God . . . No God. Important Consequences.

(Give this to a 20/30 Something)

Just west of Des Moines, Iowa, Interstate 80 hits a fork in the road. If you’re going to San Francisco, you keep on I-80 heading west. If you want to go to Houston, you bear south on I-35. Two roads heading to two different places. Where do you want to go?

It’s like life. Where you want to go determines which road you take. Most times our choices are “day to day” and have to do with groceries or family gatherings or what’s on TV. Seldom do we think of the Big Picture (Where AM I going with my life?).

Two roads lie ahead of us. One directs our lives to God. Do you want to meet Him in heaven? The other road is in search of some happiness here on earth before the lights get turned off.


The God Factor is critical in how you experience life. Things go off in two very different directions depending on what you believe about God and whether this God has a purpose for your life. See what you think. . . . .

Here’s what happens if there is no God (or if there’s no way of knowing anything about him anyway).

1. Nothing means anything. “Good” or “bad” is merely your opinion. What you think is “your truth”. What I think is “my truth”. In fact there is no ultimate truth.

2. Since there is no ultimate goodness to guide our actions, then “lesser gods” will serve. Money, possessions, leisure and pleasure are what life is about.
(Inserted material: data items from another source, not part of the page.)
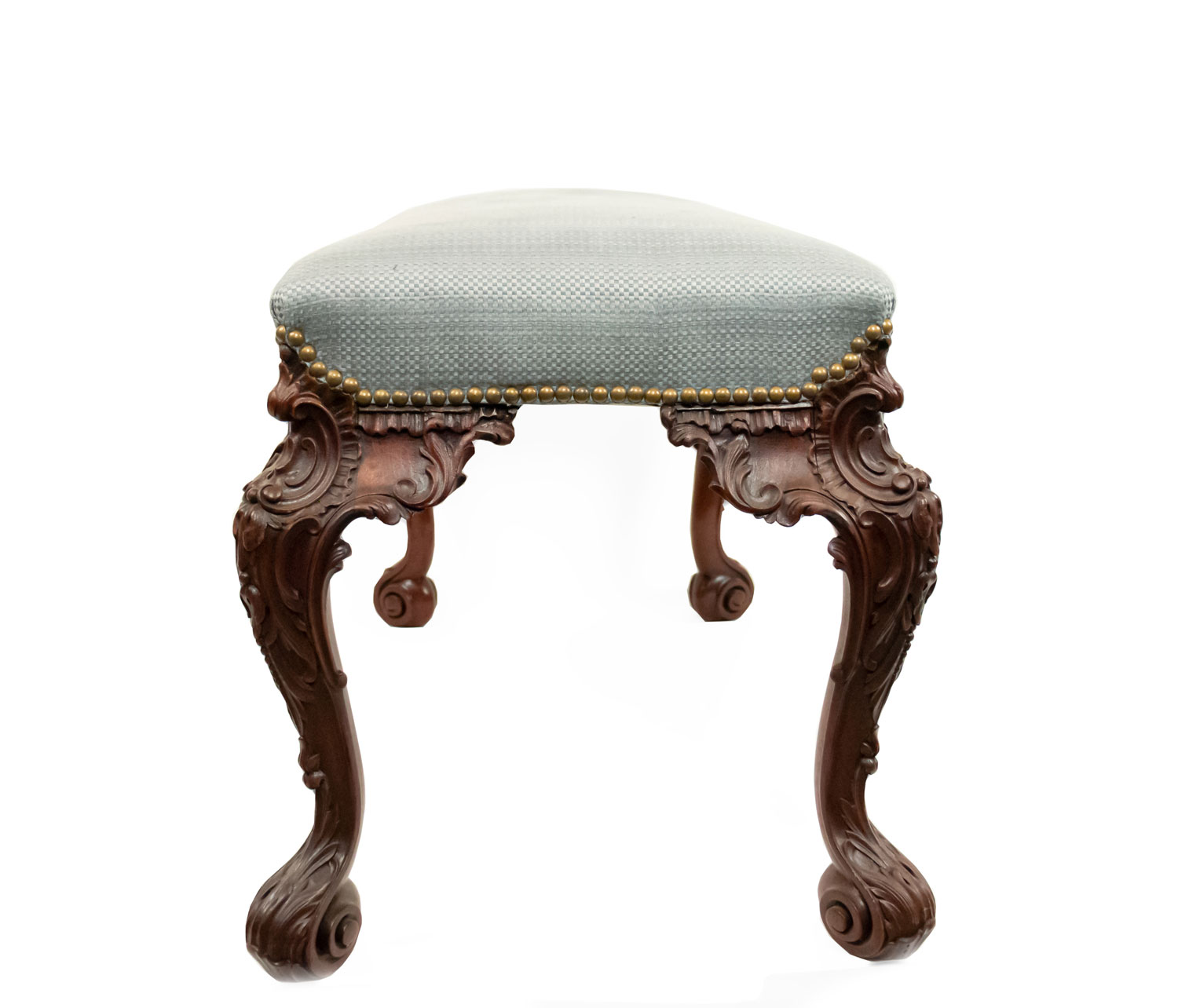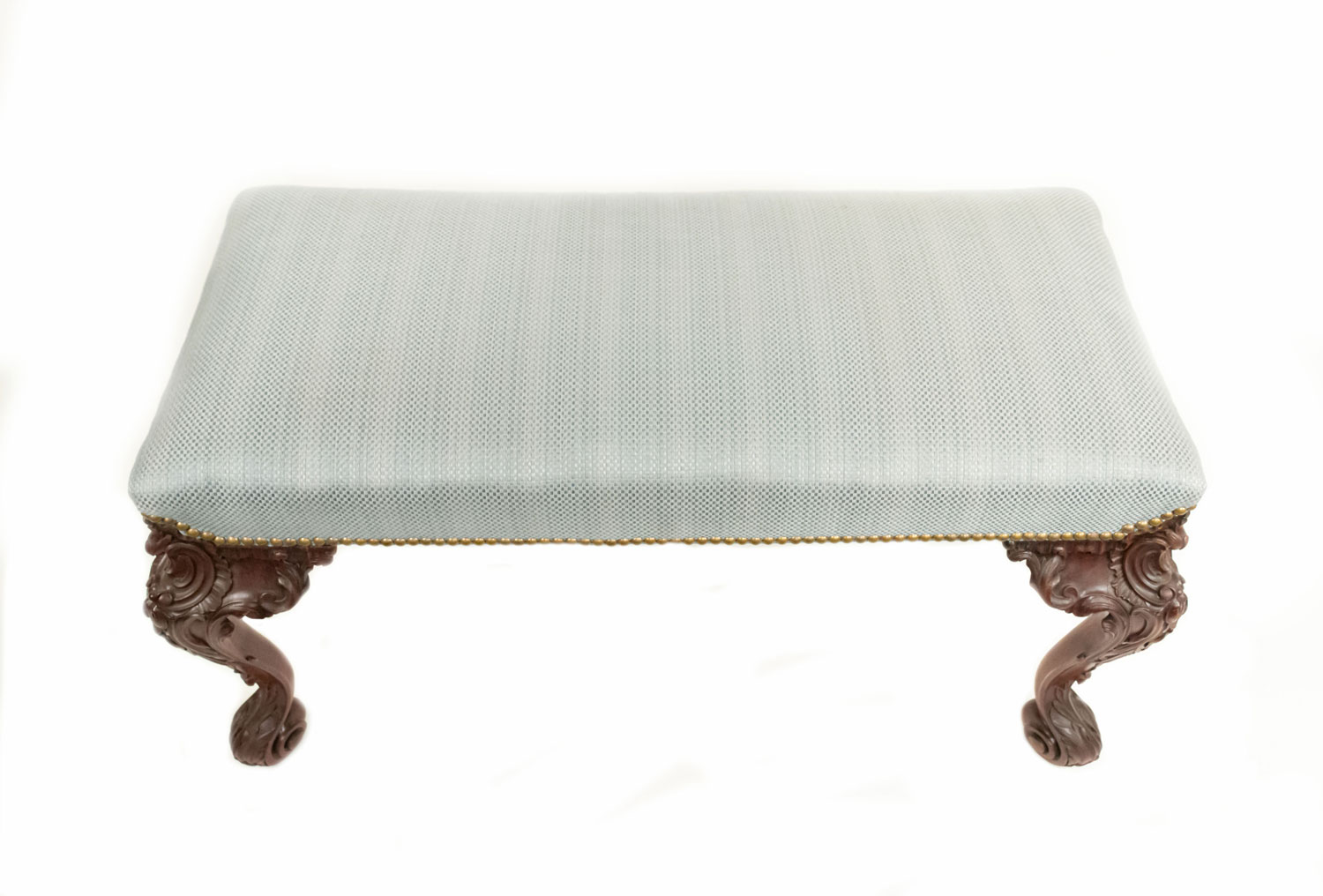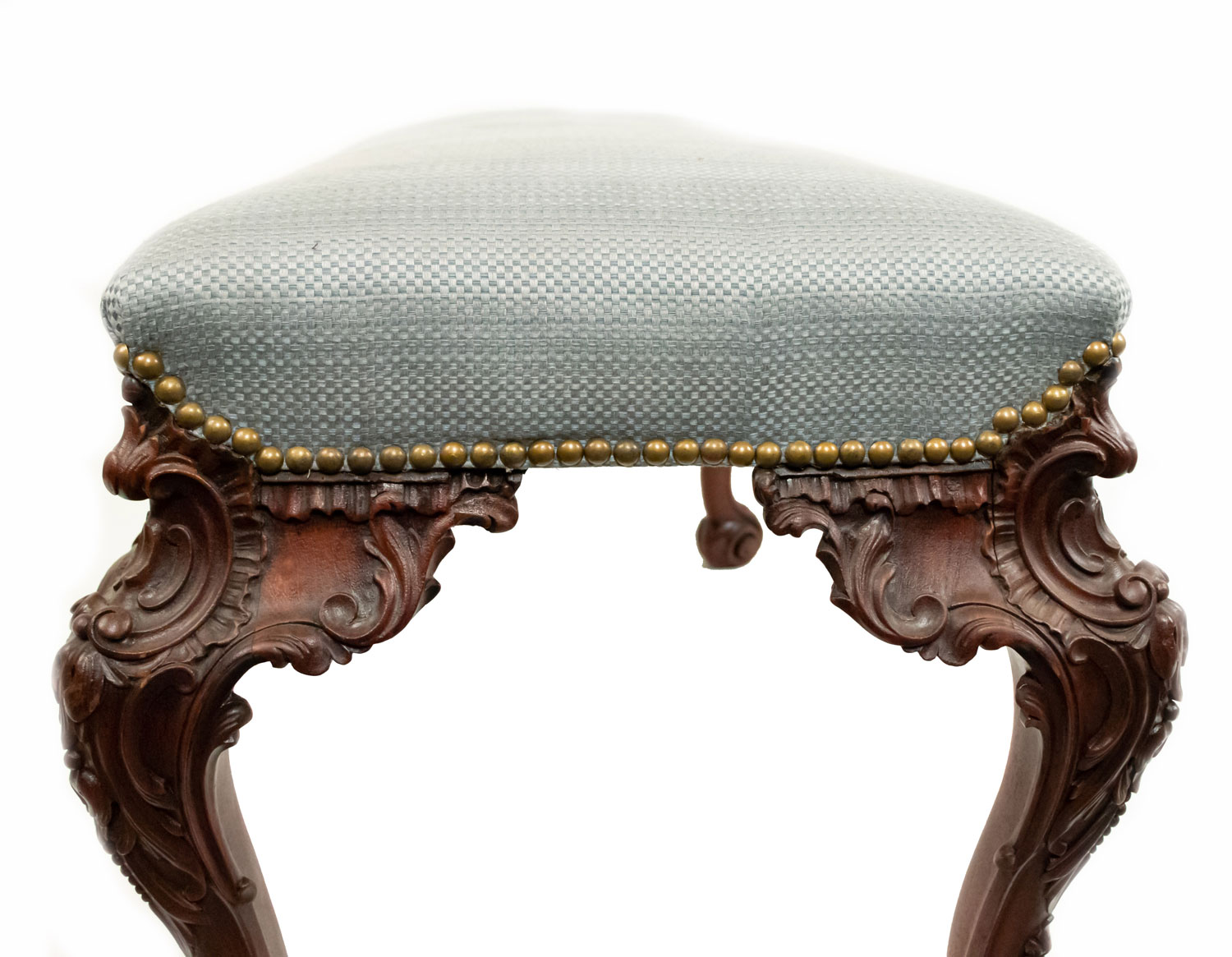 English Chippendale style (19th Century) rectangular carved mahogany bench with blue upholstery..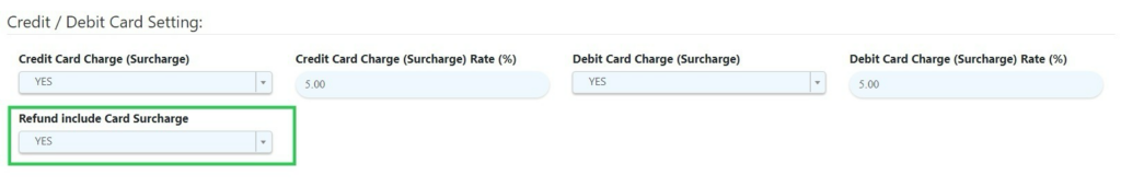 - Refund include Card Surcharge YES (Default) = Refund transaction INCLUDE Card Charge.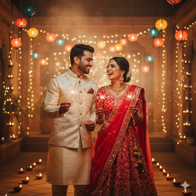 A couple stands side by side during Diwali celebrations. The man wears a cream kurta with a Nehru jacket, while the woman is in a bright red lehenga with gold embroidery. They hold sparklers in their hands, laughing as the lights glow around them. The background shows hanging lanterns and diyas softly illuminating the scene. The portrait captures warm, festive tones and a joyful Indian vibe.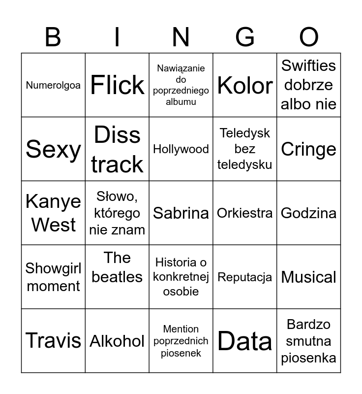 This bingo card has a free space and 24 words: The beatles, Alkohol, Hollywood, Travis, Swifties dobrze albo nie, Numerolgoa, Sexy, Flick, Orkiestra, Historia o konkretnej osobie, Teledysk bez teledysku, Kanye West, Reputacja, Musical, Diss track, Data, Godzina, Nawiązanie do poprzedniego albumu, Cringe, Słowo, którego nie znam, Bardzo smutna piosenka, Showgirl moment, Kolor and Mention poprzednich piosenek.

3. Might makes right. My wanting more makes me a potential threat to what you have. (Why can’t I take what you have? You say, “that’s not right!” I say, “Says who?!”)

4. Sickness, poverty, or tragic happenings can only be seen as absurd or real bad luck. Flee these things. Pity those who encounter them. They are the “unlucky ones”.

5. Any moment of beauty or longing that our lives have ultimate meaning is an illusion and should be tolerated like Santa Claus with our children. (Let this God myth continue as long as it keeps people happy).

6. An “eye for an eye and a tooth for a tooth” is the best way of dealing with human conflict. But who has the authority to declare something as righteous or criminal?

7. Our best hopes for our children would be that they were skillful hunters in getting what they want in a world that doesn’t care.

8. About the best thing we can wish anybody is “Good Luck”.

Pretty grim wouldn’t you say? Yet that is the way of the human heart without God. You see we humans were MADE FOR God. Made to enter into relationship with Him and without Him . . . . we lose our purpose for existing. We become, as the great theologian Romano Guardini put it, “clever animals”.


The revealed God of Christianity changes everything.

Here’s what happens when you let God into your life. (These contrast with 1-8 above)

1. Everything means something. The fact that something “is” gives it purpose in the plan of God. All that exists shares to some degree in the truth of its maker.

2. The “lesser goods” become what they were intended to be—joys in life that point to a loving God who wishes our happiness. They are not an end in themselves.

3. By God’s love (revealed in Christ), we become brothers and sisters to each other, NOT “threats” or rivals.

4. The hard things in life (sickness etc.) have been redeemed. They too now serve God’s purpose. They reveal true love. (We only know this by Jesus Christ who took suffering and death to himself to reveal what God’s love is like.) “Love bears all things.” 1 Cor. 13.

5. Longing for peace or purpose in life is a grace put there by God to remind us of our true home. “Our hearts are restless until they rest in thee Oh Lord.” St Augustine

6. “We hold these truths to be self-evident, all men are created equal and endowed by their Creator . . .”

7. Our best hope for our children is that they would grow to be good and kind and happy in “doing what is right and just”. And that they too would come to know the presence of God in their life.

8. Our best wish for someone? “Go with God”. Go with God.